Don't condition on a post-treatment variable. As we discussed above, there are some reasons to condition on highly-correlated covariates in general. But there's an exception to this rule. There are some variables that are never OK to condition on – in particular, any variable that is collected after treatment. For example, we might think that another good covariate would be someone's enjoyment of Bob Dylan. So, after the writing measurements are done, we do a Dylan Appreciation Questionnaire (DAQ). The problem is, imagine that having a bad experience writing while listening to Dylan might actually change your DAQ score. So then people in the Dylan condition would have lower DAQ on average. If we control for DAQ in our regression (Y ~ X + DAQ), we then distort our estimate of the effects of Dylan. Because DAQ and X (Dylan condition) are correlated, DAQ will end up soaking up some variance that is actually due to condition. This is bad news. Here's a nice paper that explains this issue in more detail.

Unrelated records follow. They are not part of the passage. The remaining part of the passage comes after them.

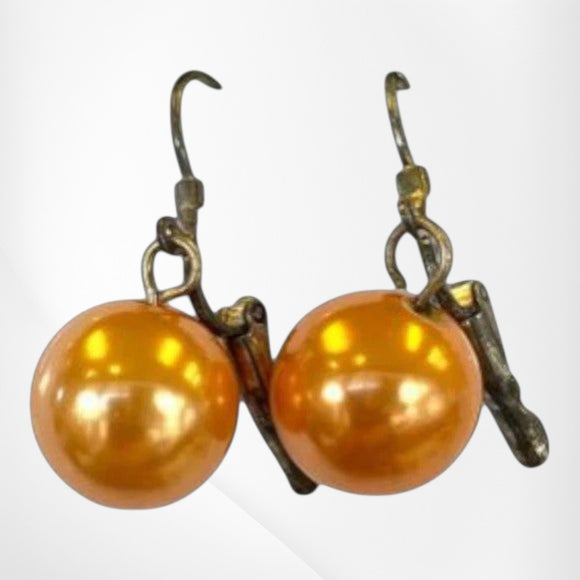 E051 Orange Pearl Bead Earring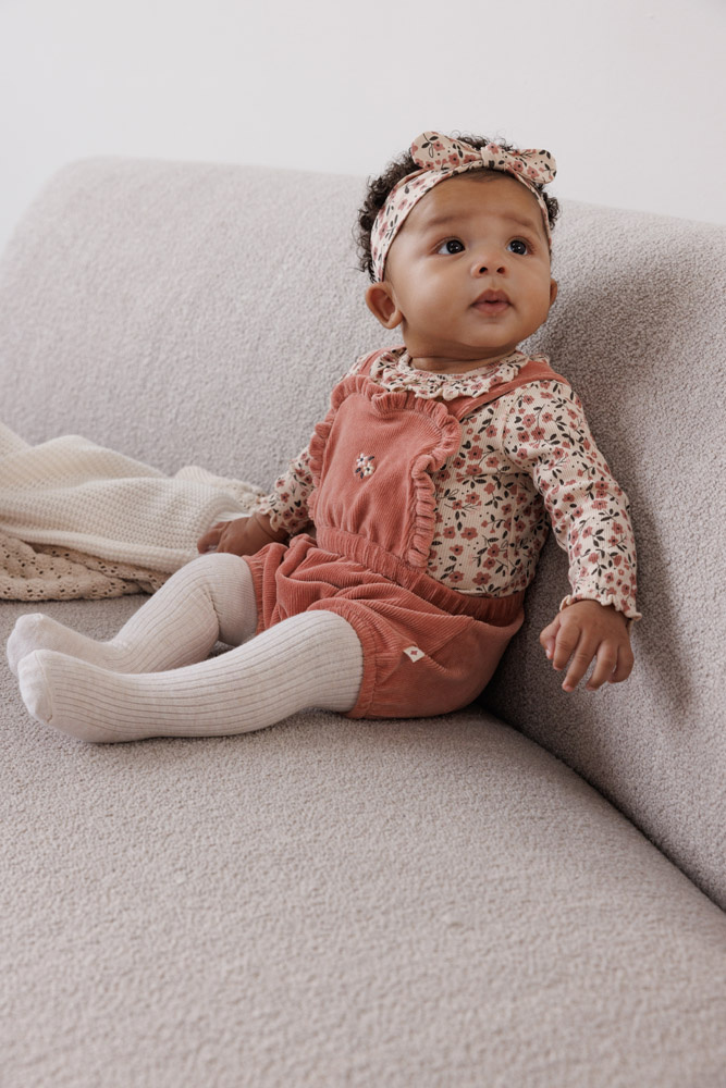 Tuinbroek kort velours rib - Woodland Bloom - Mauve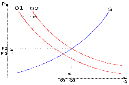 Поиск «точки равновесия»: изменение цены (P) и количества товара (Q) как следствие изменения спроса (D) и предложения (S).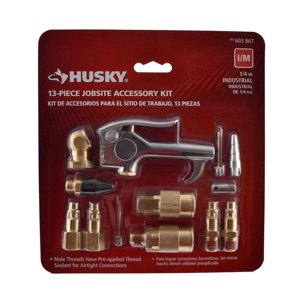 The Husky 13-piece Brass Air-Compressor Accessory Kit includes a blow gun, air chuck, inflation needles, plugs and couplers. It is made for long service life and hassle-free connections without confusion about coupler sizes. The fittings have an easy-connect design with solid brass construction that resists corrosion and wear.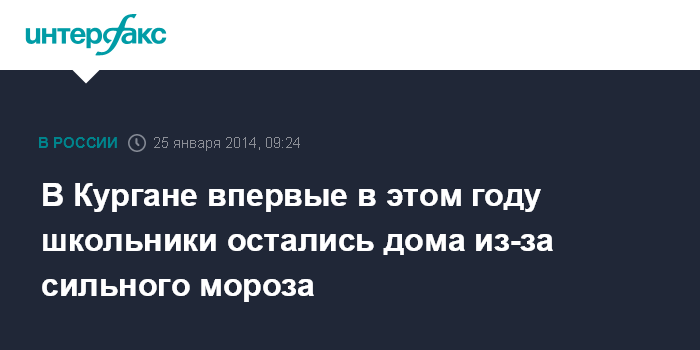 Москва. 25 января. INTERFAX.RU - В связи с низкой температурой воздуха в субботу отменены занятия в школах города Кургана, сообщается на сайте городской администрации.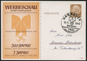 1477 | 20 € | K.d.F.: KRAFT DURCH FREUDE : HANNOVER/ 300 Jahre/ Staatl.Post im Hannoverland/ 7 Jahre/ NSG."KdF" 1940 (10.11.) SSt = 2 Pferdeköpfe mit K.d.F.-Logo auf motivgl. PP 3 Pf. Hindenbg. braun: 300 JAHRE POST/7 JAHRE K.D.F. (Mi.PP 122/C 109) Inl.Kt. (Bo.61) | ![]() | |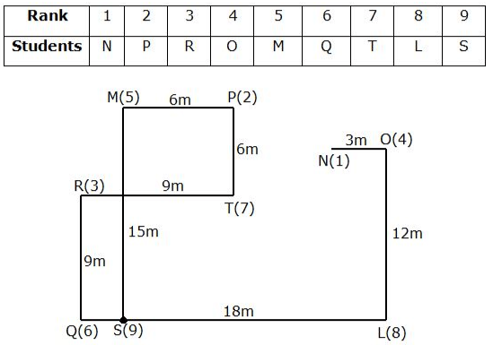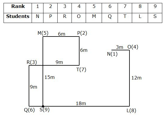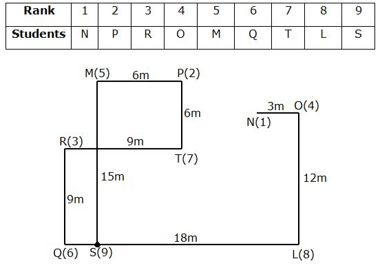 O is to the east of the one who secured the highest rank and north of the one who secured the second last rank. Q secured two ranks higher than the one who secured the second last rank and is to the west of him. The rank value of R is half of the rank value of Q and stands to the north of Q but to the southwest of O. The distance between Q and R is the same as the distance between R and T, who stands to the east of R. The direction of R with respect to Q is the same as the direction of P with respect to T. R holds the rank exactly between N and M, who stands to the west of P. At least four persons secured the ranks higher than M. The distance between M and S is the sum of the distance between PT and RQ. O doesn’t stand to the northeast of P. L secured immediately higher rank than S but immediately less than T.M is north of S.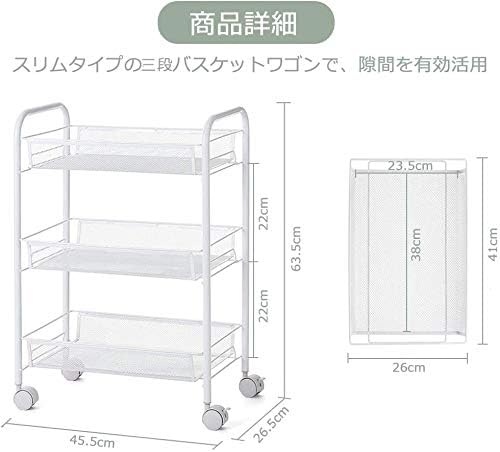 【商品詳細】★本体サイズ:幅26.5 奥行45.5 高さ63.5cm 重量(約):2.35Kg ★耐荷重(約):45kg(一つあたり15kg)★バスケット間口:幅26 奥行41cm ★バスケット内寸:幅23.5 奥行38 高さ6cm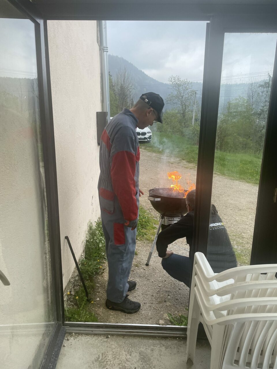 On commence le séjour en prenant des forces à bases de boissons énergisantes et un barbecue légèrement humide.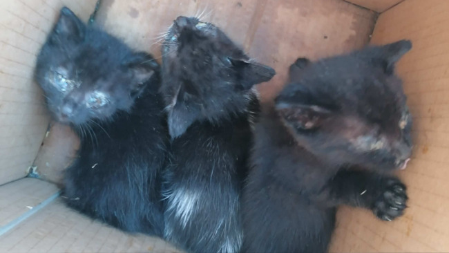 Kolejne maleństwa wystawione w kartonie. Cudem udało się je połapać zaskoczonemu znalazcy – wystraszone kuleczki biegły przed siebie nie patrząc na niebezpieczeństwa.
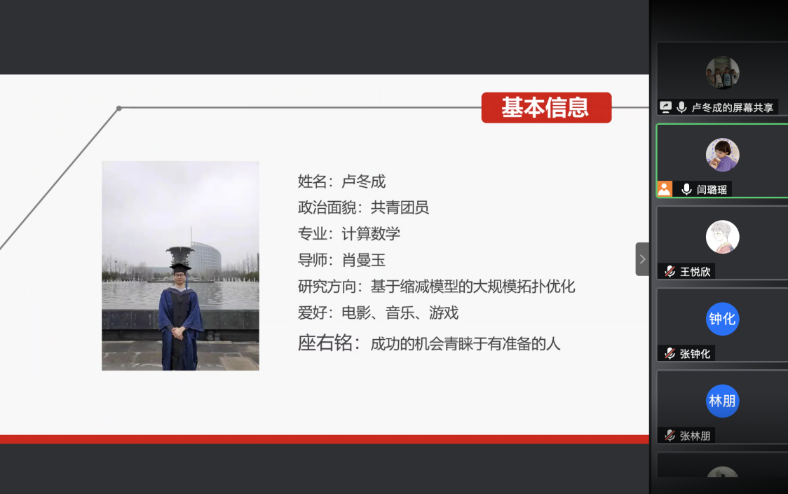 卢冬成围绕着学习科研和日常生活两个方面展开阐述。回想起自己一开始踏上科研之路,面对着陌生的科研内容和突然转变的学习节奏,一度陷入过彷徨与迷惘之中,一时难以把握奋斗的目标和方向。但是在导师的悉心指导和同学们的殷切鼓励下,以及在个人的不断尝试、努力、适应和改变下,积累起了研究经验,并渐渐地从对知识的单纯学习者蜕变为领域内的开拓创新者,最终得以冲破科研的迷雾。最后,卢冬成希望各位学弟学妹们不负韶华、脚踏实地、带着“会当凌绝顶,一览众山小”的豪气勇攀科研高峰,为公司和公司争光添彩!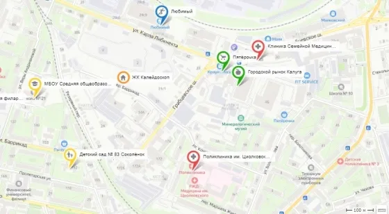 Дом выгодно расположен в центральной части города Калуги, в шаговой доступности школы, детские сады, спортивные объекты, магазины, поликлиники и остановки общественного транспорта, другая городская инфраструктура.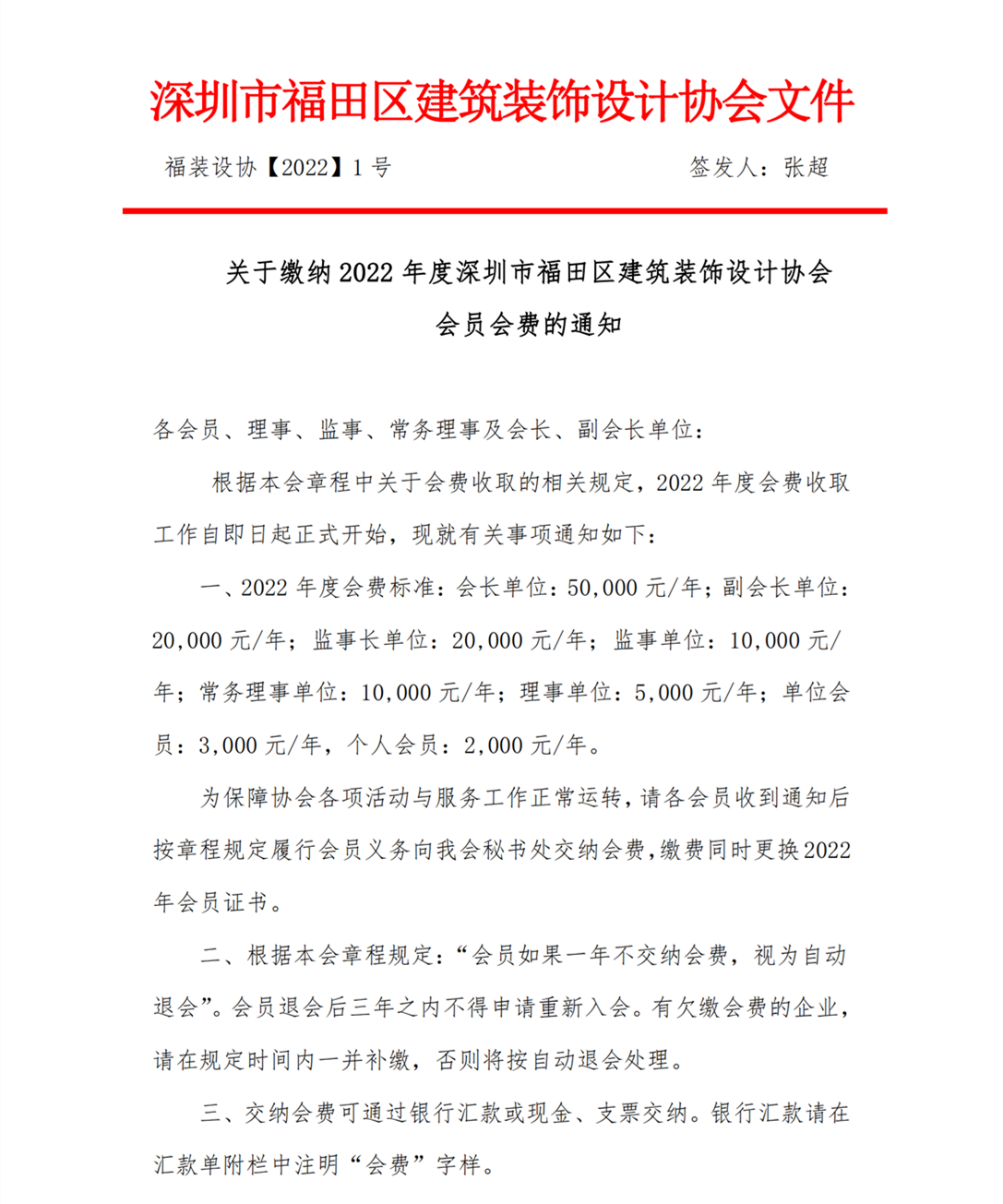 關(guān)于繳納2022年度深圳市福田區(qū)建筑裝飾設(shè)計(jì)協(xié)會(huì)會(huì)員會(huì)費(fèi)的通知

Don't condition on a collider. This issue is a little bit off-topic for the current post, since it's primarily an issue in observational designs, but here's a really good blogpost about it.
Conclusions
Covariates and confounds are some of the most basic concepts underlying experimental design and analysis in psychology, yet they are surprisingly complicated to explain. Often the issues seem clear until it comes time to do the data analysis, at which point different assumptions lead to different default analytic strategies. I'm especially concerned that these strategies vary by culture, for example with some psychologists always conditioning on confounders, and others never doing so. (We haven't even talked about mediation and moderation!). Hopefully this post has been useful in using the vocabulary of causal models to explain some of these issues.
---
* The definitive resource on causal graphical models is Pearl (2009). It's not easy going, but it's very important stuff. Even just starting to read it will strengthen your methods/stats muscles.
** Importantly, it's a lot like adding random effects to your model – you model sources of structure in your data so that you can better estimate the particular effects of interest.
*** The advice not to model covariates that aren't very correlated with your outcome is very frequentist, with the idea being that you lose power when you condition on too many things. In contrast, Gelman & Hill (2006) give more Bayesian advice: if you think a variable matters to your outcome, keep it in the model. This advice is consistent with the idea of modeling experimental covariates, even if they don't have a big correlation with the outcome. In the Bayesian framework, including this extra information should (maybe only marginally) improve your precision but you aren't "spending degrees of freedom" in the same way.
Tuesday, July 23, 2019
An ethical duty for open science?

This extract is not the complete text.